N-(4,5-dimethyl-3-isoxazolyl)-4'-[5-ethyl-l,3,4-thiadiazol-2-acetylaminomethyl]-2'-

(ethoxymethyl)[ 1 , 1 '-biphenyl]-2-sulfonamide,

N-(4,5-dimethyl-3-isoxazolyl)-4'-[5-methylpyrazolo[l,5-a]pyrimidin-7- acetylaminomethyl]-2'-(ethoxymethyl)[ 1 , 1 '-biphenyl]-2-sulfonamide, and pharmaceutically acceptable salts thereof.

19. Use of at least one compound or pharmaceutically acceptable salt thereof according to any of claims 1 to 18 for the treatment of an endothelin-dependent or angiotensin II-dependent disorder.

20. Use of at least one compound or pharmaceutically acceptable salt thereof according to any of claims 1 to 18 for the treatment of hypertension.

21. Use of at least one compound or pharmaceutically acceptable salt thereof according to any of claims 1 to 18 for the treatment of pulmonary hypertension.

22. Use of at least one compound or pharmaceutically acceptable salt thereof according to any of claims 1 to 18 for the treatment of primary pulmonary hypertension.

23. Use of at least one compound or pharmaceutically acceptable salt thereof according to any of claims 1 to 18 for the treatment of low renin hypertension.

24. Use of at least one compound or pharmaceutically acceptable salt thereof according to any of claims 1 to 18 for the treatment of male erectile dysfunction.

25. Use of at least one compound or pharmaceutically acceptable salt thereof according to any of claims 1 to 18 for the treatment of male or female sexual dysfunction.

26. Use of at least one compound or pharmaceutically acceptable salt thereof according to any of claims 1 to 18 for the treatment of heart failure.

27. Use of at least one compound or pharmaceutically acceptable salt thereof according to any of claims 1 to 18 for the treatment of atherosclerosis.

28. Use of at least one compound or pharmaceutically acceptable salt thereof according to any of claims 1 to 18 for the treatment of restenosis.

29. Use of at least one compound or pharmaceutically acceptable salt thereof according to any of claims 1 to 18 for the treatment of endotoxemia.

30. Use of at least one compound or pharmaceutically acceptable salt thereof according to any of claims 1 to 18 for the inhibition of cell growth.

31. Use of at least one compound or pharmaceutically acceptable salt thereof according to any of claims 1 to 18 for the treatment of cancer.

32. Use of at least one compound or pharmaceutically acceptable salt thereof according to any of claims 1 to 18 for the treatment of migraine.

33. Use of at least one compound or pharmaceutically acceptable salt thereof according to any of claims 1 to 18 for the treatment of asthma.

34. Use of at least one compound or pharmaceutically acceptable salt thereof according to any of claims 1 to 18 for the treatment of ischemia.

35. Use of at least one compound or pharmaceutically acceptable salt thereof according to any of claims 1 to 18 for the treatment of subarachnoid hemorrhage.

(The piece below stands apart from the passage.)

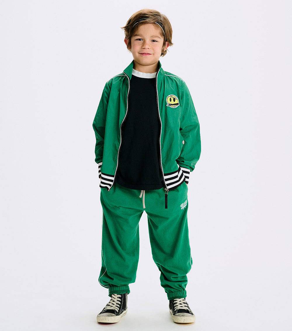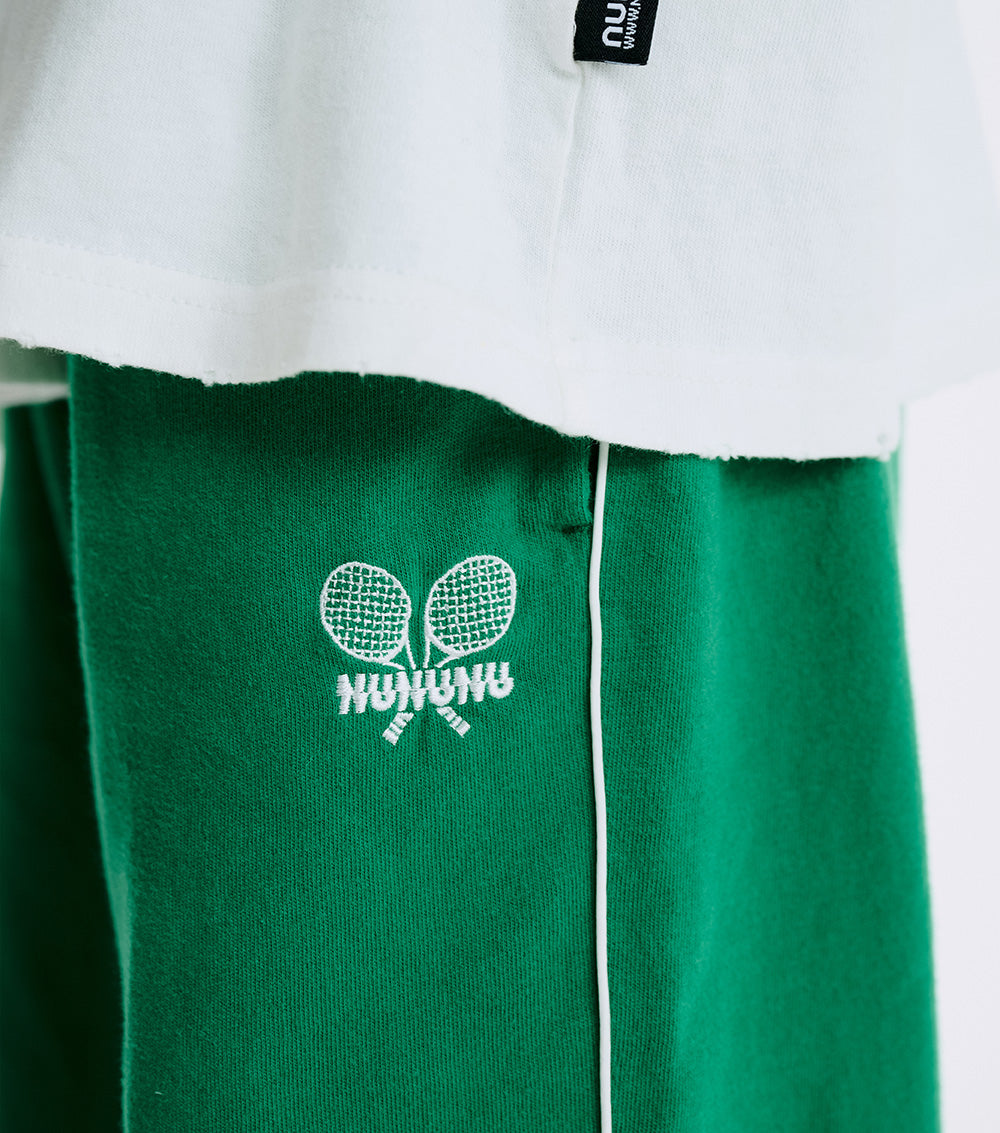 serve up serious style in these edgy green tennis pants. they’re made of heavy single cotton with an old school kind of cut & an elastic waistband that stays put. they’ve got ultra-thin outlines on the side to give it that retro sporty vibe and a super cool embroidered patch on the leg with our dueling tennis rackets logo that screams ready for a challenge. the look is complete with hidden pockets, the perfect place to stick hands into after yet another humble win.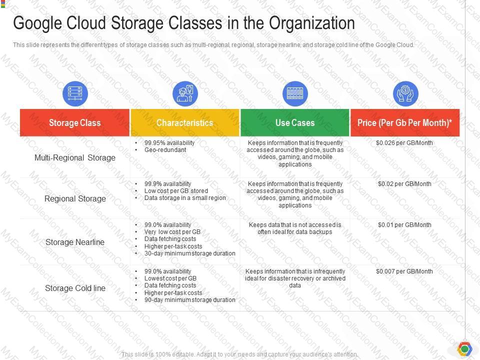 You are building an archival solution for your data warehouse and have selected Cloud Storage to archive your data. Your users need to be able to access this archived data once a quarter for some regulatory requirements. You want to select a cost-efficient option. Which storage option should you use?

36. Use of at least one compound or pharmaceutically acceptable salt thereof according to any of claims 1 to 18 for the treatment of benign prostatic hypertrophy, comprising the step of administering to a subject in need thereof an amount effective therefor of at least one compound of claim 1.

37. Use of at least one compound or pharmaceutically acceptable salt thereof according to any of claims 1 to 18 for the treatment of a disorder selected from the group consisting of renal, glomerular and mesangial cell disorders.

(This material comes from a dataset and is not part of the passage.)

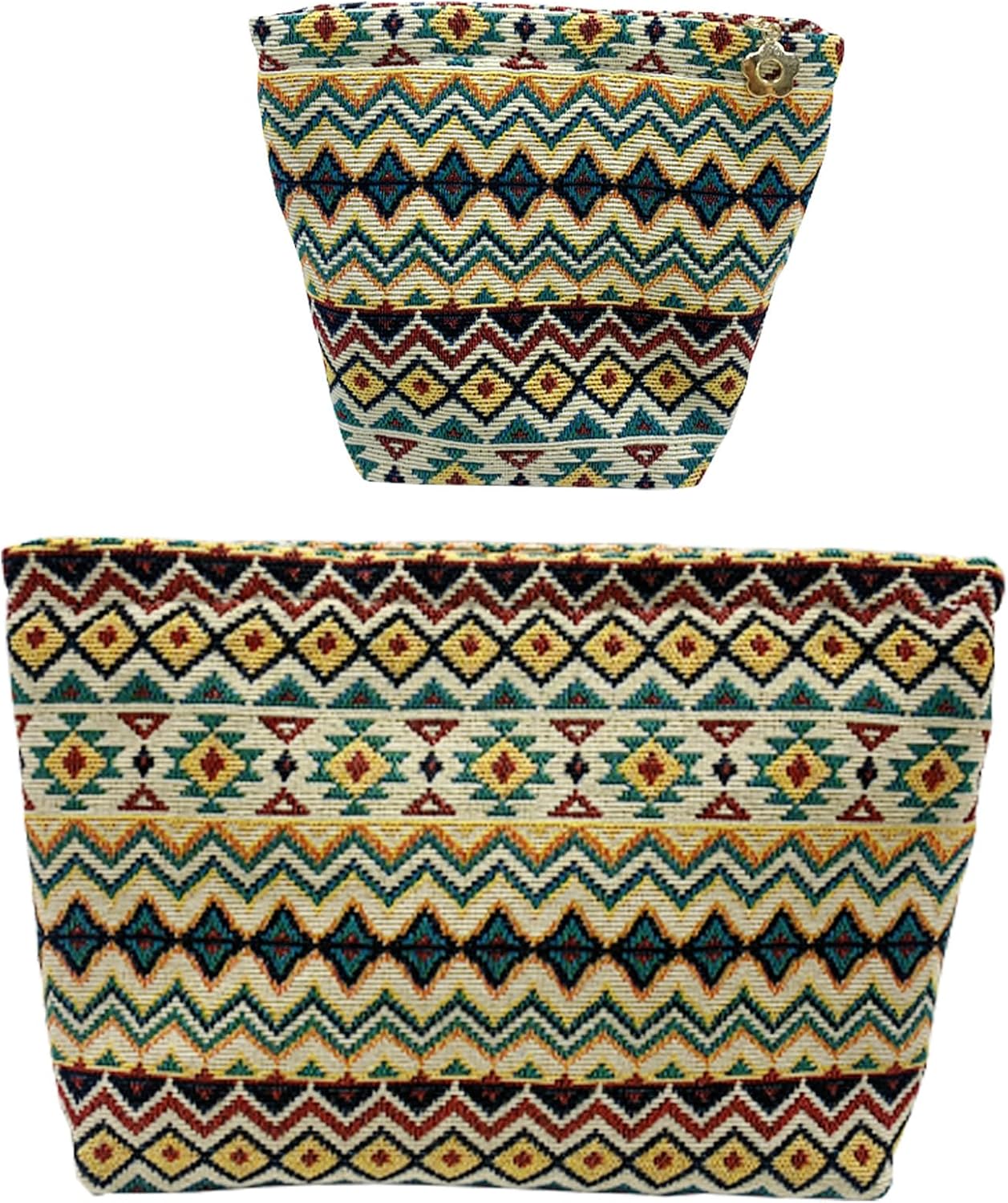 2 Pcs Makeup Bags, Large Cosmetic Bag Travel Toiletry Bag Organizer for Women, Embroidery Craft, Stripe Makeup Bag Small Cosmetic Pouch Purse with Zipper Gifts for Girls Teen

38. Use of at least one compound or pharmaceutically acceptable salt thereof according to any of claims 1 to 18 for the treatment of acute or chronic renal failure.

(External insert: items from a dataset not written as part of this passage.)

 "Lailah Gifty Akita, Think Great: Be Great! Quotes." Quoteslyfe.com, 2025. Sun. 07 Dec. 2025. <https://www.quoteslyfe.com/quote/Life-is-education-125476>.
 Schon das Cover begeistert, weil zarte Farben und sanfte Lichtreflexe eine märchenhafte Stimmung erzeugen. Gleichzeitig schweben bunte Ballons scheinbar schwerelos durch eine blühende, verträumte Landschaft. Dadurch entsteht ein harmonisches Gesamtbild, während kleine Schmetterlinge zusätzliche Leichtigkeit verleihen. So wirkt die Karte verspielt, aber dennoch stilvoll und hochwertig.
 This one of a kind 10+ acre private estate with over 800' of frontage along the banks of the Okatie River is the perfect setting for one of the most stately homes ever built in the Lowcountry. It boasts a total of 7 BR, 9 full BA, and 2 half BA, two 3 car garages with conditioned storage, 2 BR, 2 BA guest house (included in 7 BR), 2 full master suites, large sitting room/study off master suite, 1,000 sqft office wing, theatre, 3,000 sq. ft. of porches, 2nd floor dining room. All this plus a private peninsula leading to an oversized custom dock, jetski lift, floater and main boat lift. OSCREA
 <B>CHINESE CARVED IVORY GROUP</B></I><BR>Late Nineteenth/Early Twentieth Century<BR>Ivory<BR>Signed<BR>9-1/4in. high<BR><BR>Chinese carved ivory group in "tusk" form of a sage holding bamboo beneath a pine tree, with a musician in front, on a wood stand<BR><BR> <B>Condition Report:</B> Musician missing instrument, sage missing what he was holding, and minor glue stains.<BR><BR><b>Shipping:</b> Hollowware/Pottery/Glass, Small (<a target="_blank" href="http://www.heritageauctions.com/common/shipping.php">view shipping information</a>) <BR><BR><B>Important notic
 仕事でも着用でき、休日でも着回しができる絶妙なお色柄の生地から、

39. Use of at least one compound or pharmaceutically acceptable salt thereof according to any of claims 1 to 18 for the treatment of diabetic nephropathy.

40. A pharmaceutical composition for the treatment of an endothelin-dependent or angiotensin II-dependent disorder, comprising a pharmaceutically acceptable vehicle or diluent and a pharmaceutically effective amount of at least one compound according to claims 1 to 18.